Top of RECORDS PROVIDED

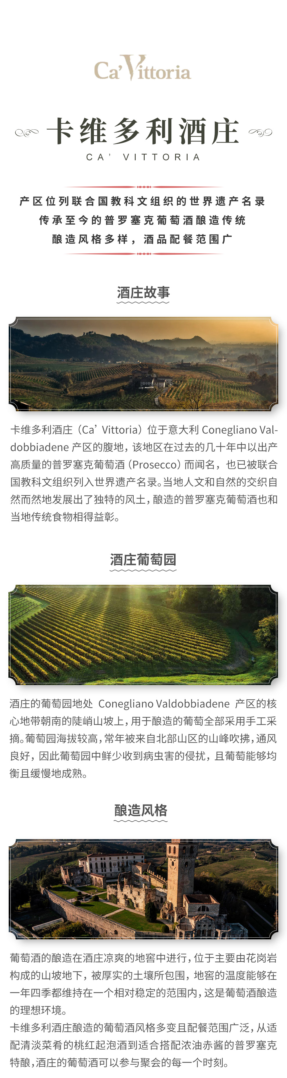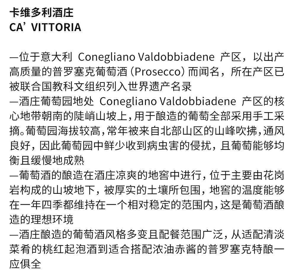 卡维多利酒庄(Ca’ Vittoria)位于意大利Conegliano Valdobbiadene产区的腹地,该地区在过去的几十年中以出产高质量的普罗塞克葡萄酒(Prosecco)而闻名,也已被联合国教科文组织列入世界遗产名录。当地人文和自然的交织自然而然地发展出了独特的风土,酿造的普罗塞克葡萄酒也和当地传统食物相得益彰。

Bottom of RECORDS PROVIDED
Top of RECORDS PROVIDED

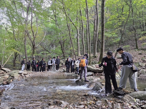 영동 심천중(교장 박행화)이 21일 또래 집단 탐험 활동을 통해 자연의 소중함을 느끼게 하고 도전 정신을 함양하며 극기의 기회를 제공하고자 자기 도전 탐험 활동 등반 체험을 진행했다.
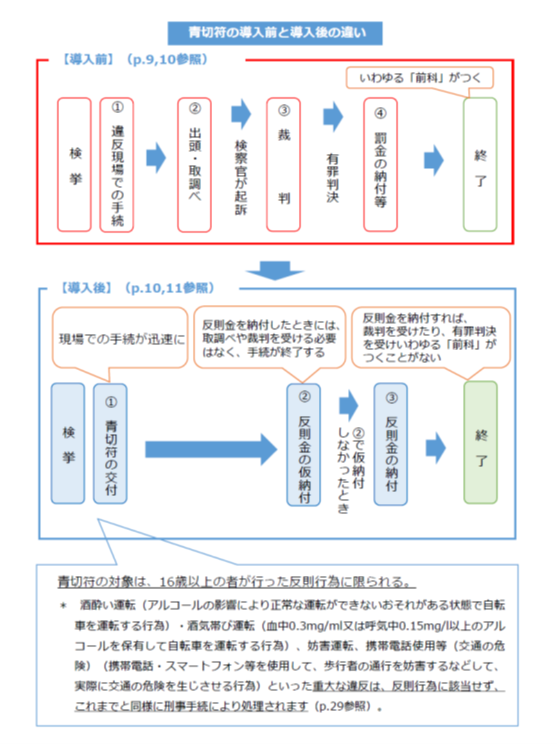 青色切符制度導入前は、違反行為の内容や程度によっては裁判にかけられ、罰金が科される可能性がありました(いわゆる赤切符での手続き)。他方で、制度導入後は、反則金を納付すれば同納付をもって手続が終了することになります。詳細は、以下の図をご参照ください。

Bottom of RECORDS PROVIDED

TASK REQUIREMENTS: Leave out the images and write out the lines above exactly, from the one with "영동 심천중(교장 박행화)이" up to and including the one with "青色切符制度導入前は、違反行".

RESPONSE AREA:
 영동 심천중(교장 박행화)이 21일 또래 집단 탐험 활동을 통해 자연의 소중함을 느끼게 하고 도전 정신을 함양하며 극기의 기회를 제공하고자 자기 도전 탐험 활동 등반 체험을 진행했다.
 青色切符制度導入前は、違反行為の内容や程度によっては裁判にかけられ、罰金が科される可能性がありました(いわゆる赤切符での手続き)。他方で、制度導入後は、反則金を納付すれば同納付をもって手続が終了することになります。詳細は、以下の図をご参照ください。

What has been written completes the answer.